14 South East Asia Research

That capitalism and popular religion share links, especially in South East Asia, should be of no
surprise to anthropologists (cf. Comaroff and Comaroff, 1999; Jackson, 1999; Klima, 2006;
Rudnyckyj, 2010). But analysis of this link tends to assume that it is the newness of capitalism that
in turn gives rise to new ways of conceiving the occult (Comaroff and Comaroff, 1999). Here,
taking a page from Weber, I would argue for multiple origins. Singaporean men, steeped in an
ethos of constant competition, seek out and engage with imagined-to-be powerful resources, a
struggle (they imagine) fraught with hidden danger, and financial and sexual potential.

Conclusion
One advertisement for a Singaporean vendor of Thai amulets reads:

Phra Ngan Ta Daeng


Maker: AJ Poon Luedet. Blessed and consecrated for 49 days and final empowering at the cemetery
during full moon.
Material: Charming powder, Soil from 7 different cemetery [sic], Embedded with takruts [rolled
Buddhist sutras] and other occult materials at the back.
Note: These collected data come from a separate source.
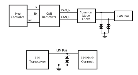 下圖所示的是 CAN 和 LIN 總線的典型 ESD 保護(hù)方案。由于 CAN 總線是雙通道電路,最常見的解決方案是采用一個雙通道二極管陣列。LIN 總線為單通道,因此它的 ESD 解決方案采用的是分立 ESD 二極管或多層壓敏電阻。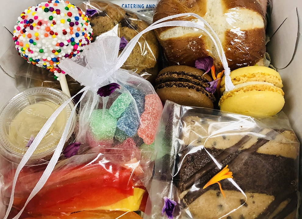 “Here’s one of the big items people are loving while still trying to have some celebrations. We wanted people to enjoy a little sweet and savoury, while keeping a boutique look to it all. These boxes are one of our ‘Cocktail Party’ boxes. Inside you’ll find a mix of sweet and salty including; Crudités and Hummus, Pretzel Deli Slider, Fresh Baked Vegan Cookies, Assorted Macarons, Cake Pops, Brownie Bites and a little Satchel of Jellie Candies.” – Chef On The Go Catering & Event Services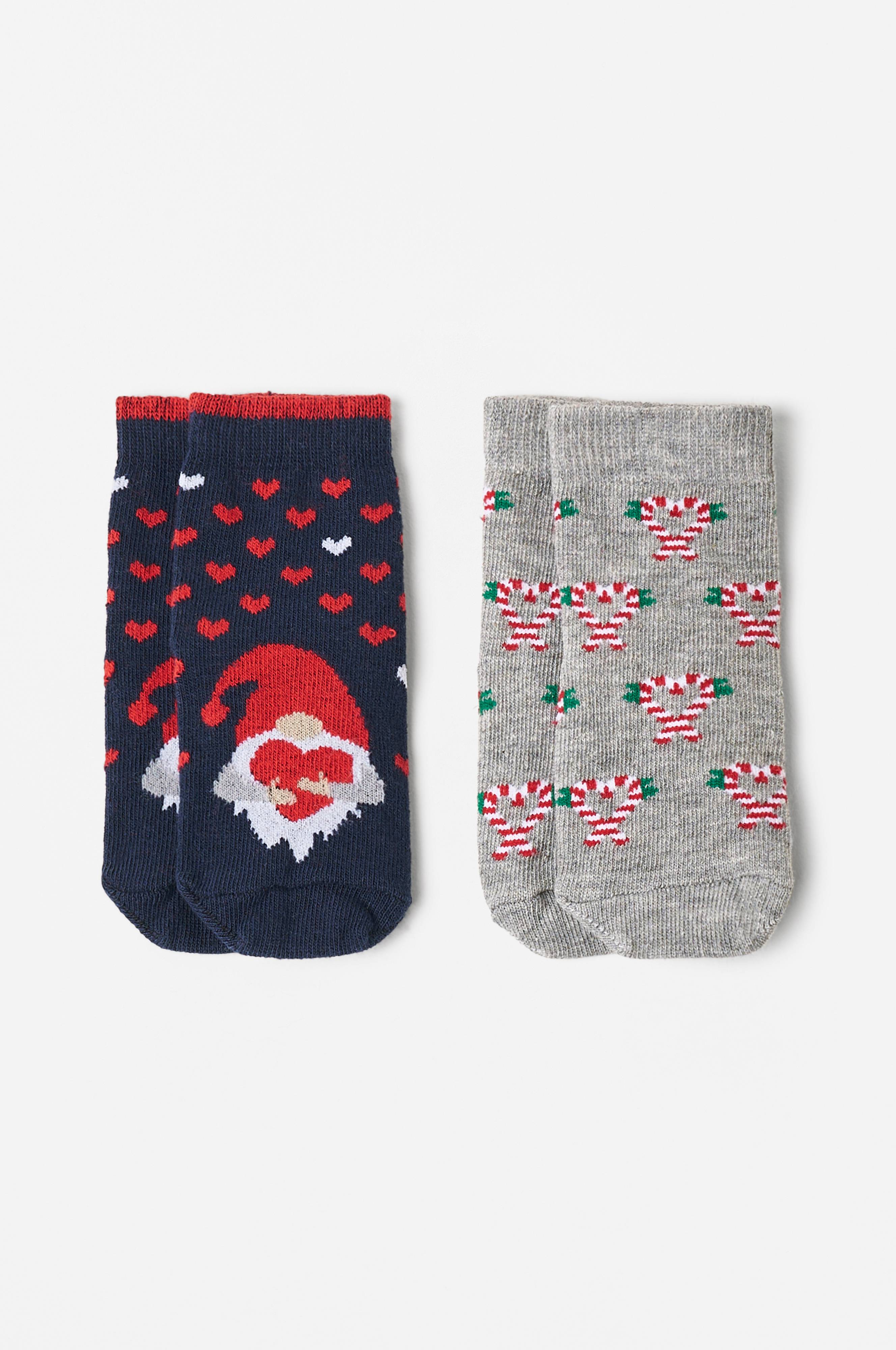 To par julestrømper med forskellige farver og julemotiver. Blød bomuldsblanding med ribkant på skaftet.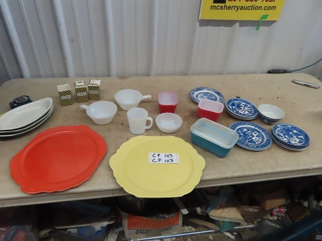 Pyrex Refridgerator Dish, Blue Willow, Spice Containers, 2 Medicine Hat Pottery Plates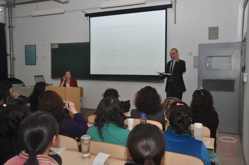 讲座由贸易系王珏教授主持,涉及的内容主要有:中美贸易伙伴关系的总体情况;在贸易、投资方面中美合作前景;以及两个大国对全球经济复苏的重要意义,专家们还就当前国际热点问题如人民币汇率、贸易保护主义等话题与大家展开了探讨。在近两个小时的讲座中,太阳集团电子游戏学生积极参与,踊跃提问,与专家友好互动,展现太阳集团电子游戏学生的风貌,得到了专家们的一致好评,专家们言简意赅的回答也赢得了大家阵阵掌声,讲座以王老师的总结圆满结束。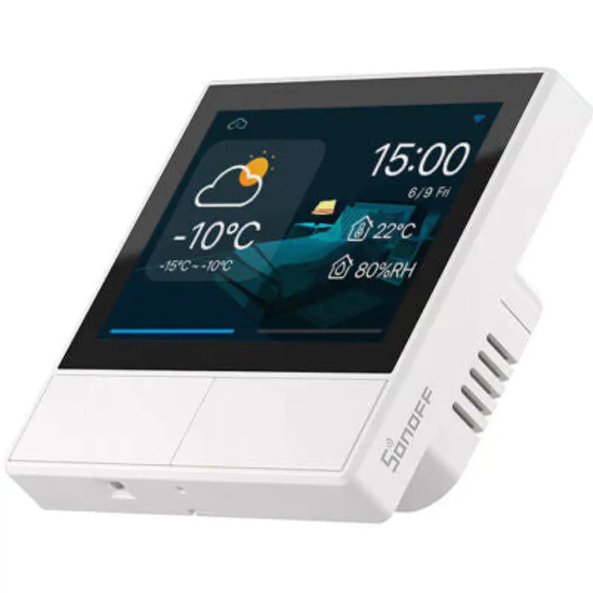 NSPanel Smart Scene Wall Switch está equipado com um poderoso termostato embutido e sensores ambientais. Pode definir diferentes temperaturas internas para diferentes períodos de tempo, e o NSPanel acionará automaticamente o equipamento de aquecimento ou arrefecimento de acordo com suas condições de configuração para manter a sala a uma temperatura confortável. Além do mais, o NSPanel tem uma função de controle baseada em cenário, pode definir diferentes modos para acordar, trabalhar, entretenimento e dormir, e pode alternar entre os modos a qualquer momento.

A sai sin string [thread used in blessing] that
us [sic] used to tie around corpse is also tied around this Phra Ngan.
Magical Properties
Extremely fast at granting wishes, attract riches, wealth, fortune, greatly boost gambling / lottery luck
(can even request), protection against any forms of dangers, hold a strong power of authority and
achieve any desired goals.

Despite Singapore’s self-perception as a state founded upon rational pragmatism, as I show


here, Singaporean capitalist futures are far from disenchanted. The new religious forms that arise
from this fusion of popular imagination, religious hybridity, and capitalist imaginaries are hardly
homogenous expressions of ethnic identity. Instead, capitalism, Chinese popular religion, and
Orientalism fuse. Through Thai religious goods, Singaporean consumers identify something for-
eign with a system of power already known (e.g. shen, barang). Via their movement ‘‘up’’ a
perceived civilizational ladder, Thai goods are thought to contain untouched sources of potency,
resources that can allow the canny entrepreneur to succeed where his competitors fail and to make
(business/sexual/magical) connections where previously none existed.
Such a process is never complete. The horizon continually retreats. New amulet types rise and
fall. The rise of Cambodian-attributed amulets (most of which, in Singapore, still carry Thai-
language names) suggests that the current Thai craze may evolve into a Cambodian craze, or a
Tibetan one. But, I argue, the structure will be the same. Like capitalism itself, the dreams about
the neighbours, already prefigured through our own desires, are both persistent in their nature and
ever-changing in their outward form.

Declaration of Conflicting Interests


The author(s) declared no potential conflicts of interest with respect to the research, authorship, and/or
publication of this article.

Funding
The author(s) received no financial support for the research, authorship, and/or publication of this article.